About this exercise: The records that follow are to be repeated exactly, with no pictures carried over.
Start of Supplied entries
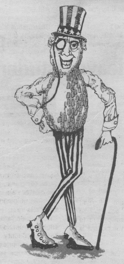
THE JIMMY CARTER UNCLE SAM

COMMUTER VOLUME 8 NUMBER 9 • DECEMBER 1, 1976
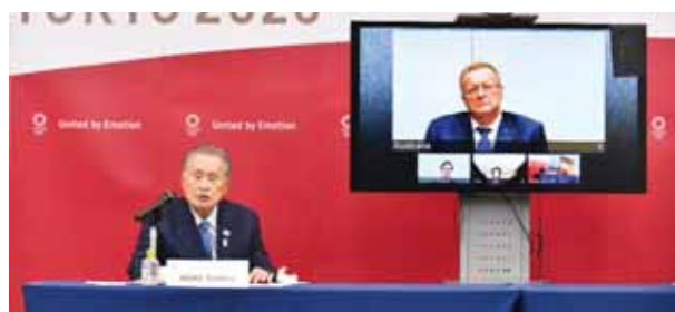
Tokyo 2020 Organizing Committee President Yoshiro Mori speaks in teleconference with John Coates, chairman of IOC's Coordination Commission for Tokyo 2020 Olympics

The pandemic has already forced a year-long delay of the Games, which are now sched-
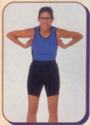
C - Ct. 1

Curl your fists in toward the top of the shoulders (deltoid). Be sure to keep your elbows up with no movement between the elbow and shoulder. Flex your arm muscles at the top of the movement. Extend back out to the starting position. Repeat for a total of 10. Turn your fists to face the floor while arms are extended and begin "reverse arm curl." Don't stop!
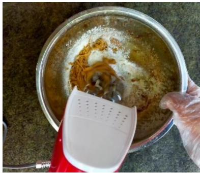
9. Dicampurkan dengan mixer kecepatan rendah selama 1 menit
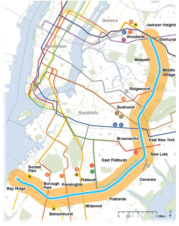
Overview map of the existing freight rail corridor, subway connections, and the primary study area. Note that while most of the IBX corridor runs along the Bay Ridge Branch, a portion includes the Fremont Secondary.

The completion of the 32-mile-long English Channel freight and passenger tunnel seems to suggest a shorter tunnel crossing of New York Harbor is possible. With the passage of a significant multi-year federal infrastructure improvement fund, the Governor's advocacy of two longsought improvements in both passenger and freight transportation seems a possible reality.
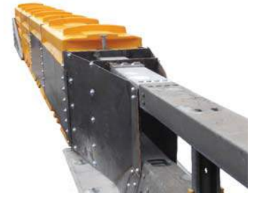
Saving Lives with the SLED EURO-TERMINAL
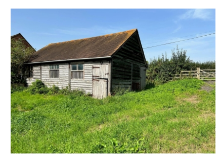
Spring Barn, Glazeley, Bridgnorth
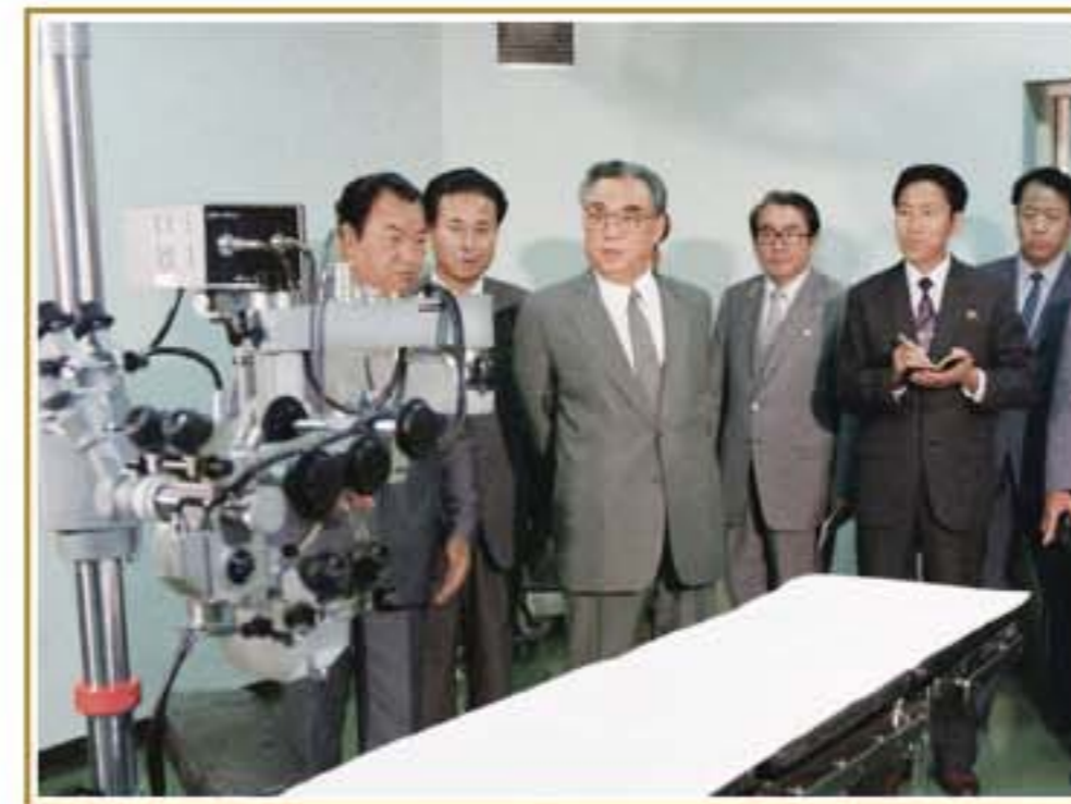
Kim Il Sung looks round the Kim Man Yu Hospital [June Juche 75 (1986)].
End of Supplied entries
Result of the exercise:
THE JIMMY CARTER UNCLE SAM

COMMUTER VOLUME 8 NUMBER 9 • DECEMBER 1, 1976
Tokyo 2020 Organizing Committee President Yoshiro Mori speaks in teleconference with John Coates, chairman of IOC's Coordination Commission for Tokyo 2020 Olympics

The pandemic has already forced a year-long delay of the Games, which are now sched-
C - Ct. 1

Curl your fists in toward the top of the shoulders (deltoid). Be sure to keep your elbows up with no movement between the elbow and shoulder. Flex your arm muscles at the top of the movement. Extend back out to the starting position. Repeat for a total of 10. Turn your fists to face the floor while arms are extended and begin "reverse arm curl." Don't stop!
9. Dicampurkan dengan mixer kecepatan rendah selama 1 menit
Overview map of the existing freight rail corridor, subway connections, and the primary study area. Note that while most of the IBX corridor runs along the Bay Ridge Branch, a portion includes the Fremont Secondary.

The completion of the 32-mile-long English Channel freight and passenger tunnel seems to suggest a shorter tunnel crossing of New York Harbor is possible. With the passage of a significant multi-year federal infrastructure improvement fund, the Governor's advocacy of two longsought improvements in both passenger and freight transportation seems a possible reality.
Saving Lives with the SLED EURO-TERMINAL
Spring Barn, Glazeley, Bridgnorth
Kim Il Sung looks round the Kim Man Yu Hospital [June Juche 75 (1986)].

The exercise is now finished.